Однажды ночью мне приснился сон, который уже долгое время не возникал, но который в моей молодости повторялся почти каждую ночь.

Я находилась в одном приятном местечке, которое в зависимости от случая было либо абсолютно пустым, либо усаженным приморскими соснами. Почва была слегка растрескавшейся, иногда песчаной, но все же твердой.
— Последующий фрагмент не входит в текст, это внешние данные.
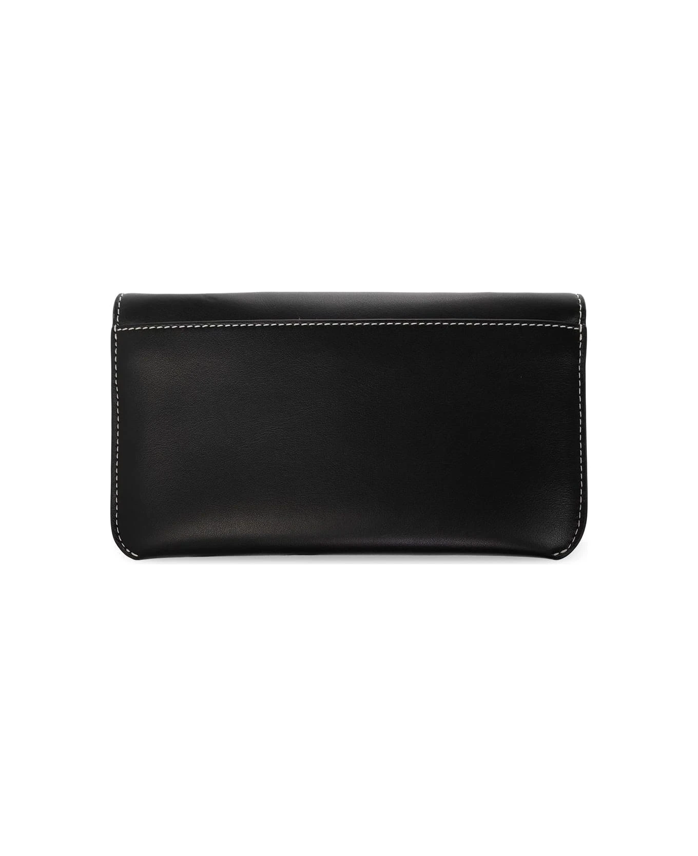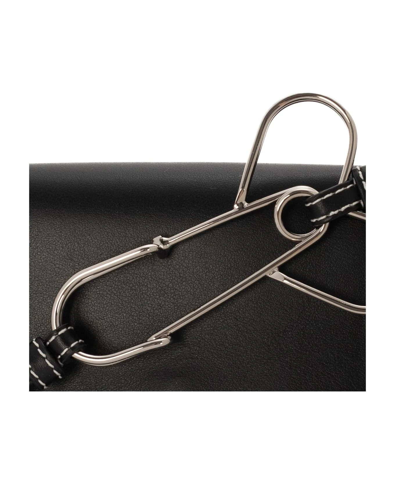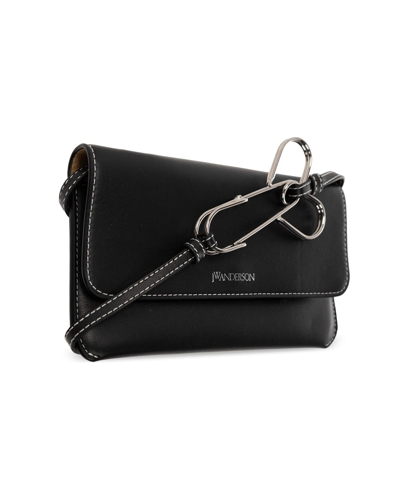 Black phone holder from JW Anderson. Made of calf leather, this design secures with a snap and showcases a printed logo on the front and contrasting white stitching details. It is complete with an adjustable shoulder strap accentuated with a metal applica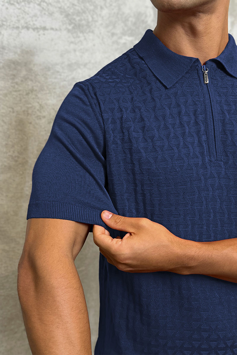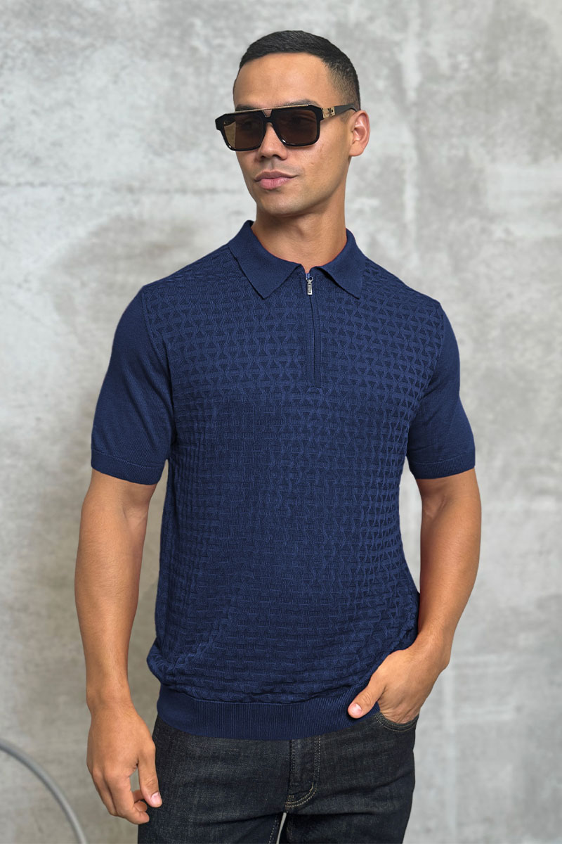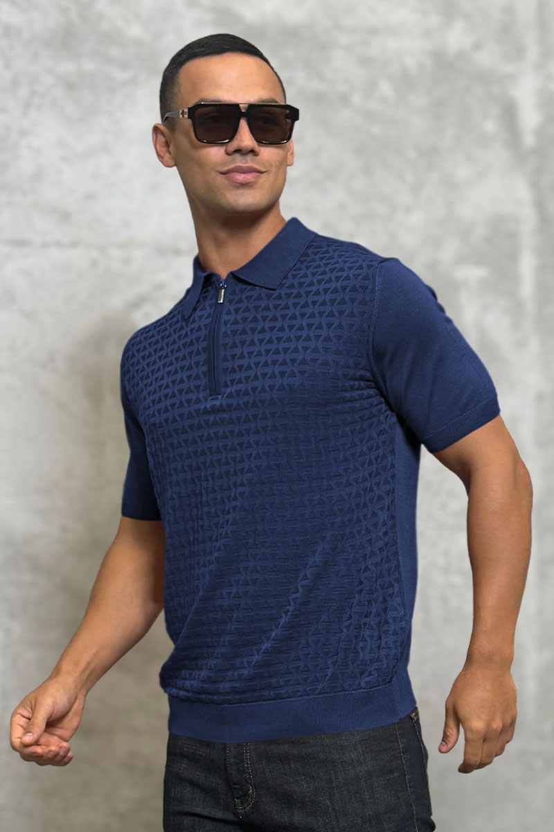 Мужское поло синего цвета Zilli zip neck

В тишине и ласке этого пейзажа появлялся всадник в полной гармонии со всей обстановкой. Лошадь бежала трусцой, очень медленно. Она везла всадника в прямоугольный манеж, проделывая несколько одинаковых точных маневров. При этом животное углубляло свои копыта в те следы, что она оставила при своих прежних выездках. Мужчина мог быть средневековым наездником в доспехах (в этом случае он махал белым флагом, а лошадь была покрыта вальтрапом), а мог быть современным наездником, одетым в твид, с шелковым шарфиком на шее, пахнущим приятной смесью из ароматного ветивера, кожи и навоза. Он никогда не смотрел на меня. Я считала его весьма обаятельным и знала, что ему известно о моем присутствии.
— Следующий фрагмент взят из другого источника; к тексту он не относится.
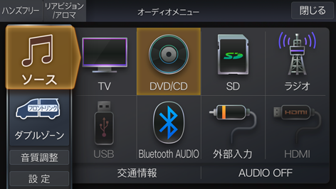 /[MODE]スイッチを押し、オーディオメニュー画面で[DVD/CD]にタッチします。

В определенный момент он ускорял ритм, очень точно: движения лошади становились более четкими, более заметными, чуточку в духе Haute Ecole. Наездник начинал равномерно балансировать спереди назад. По мере того как ритм ускорялся, наездник укорачивал путь, так что в конце концов он начинал вертеться по кругу в центре прямоугольника. Я не видела его глаз, но мне казалось, что я могла бы легко вскочить на круп лошади за его спиной и что ему это понравилось бы. И все же чем больше он кружился, тем более пространство становилось для меня липким, как белый соус или майонез, в котором я вязла, в который погружалась, который парализовал мои движения или затруднял их. И мне никак не удавалось избавиться от этого густого, мягкого клея, душившего меня.

Я просыпалась, внезапно вздрагивая, вся в поту, без всякой возможности дышать. Я ненавидела этот сон, превращающийся в кошмар, от которого сердце выскакивало из груди. Я не могла идентифицировать наездника, у которого не было лица, потому что у него не было взгляда. Одним словом, я не понимала того образа, который так пугал меня, и воспоминание о котором я так старалась вытеснить.

Переживая тот сон на кушетке в глухом переулке, пытаясь как можно лучше воспроизвести каждый элемент, составляющий его, я осознала, что в своем описании была на границе двух миров. Один, хорошо мне известный, – мир моего доктора, мир матери: безопасный, приятный, чуть приторный, немного печальный, благопристойный, гармоничный, плоский. Другой, неизвестный мне, но бессознательно желанный в ту пору, когда мне снился сон, – мир приключений, мужчин, секса (поскольку тот наездник мне очень нравился), мир улицы. Остаться или уйти. Я вязла в проблеме, неразрешимой для девочки.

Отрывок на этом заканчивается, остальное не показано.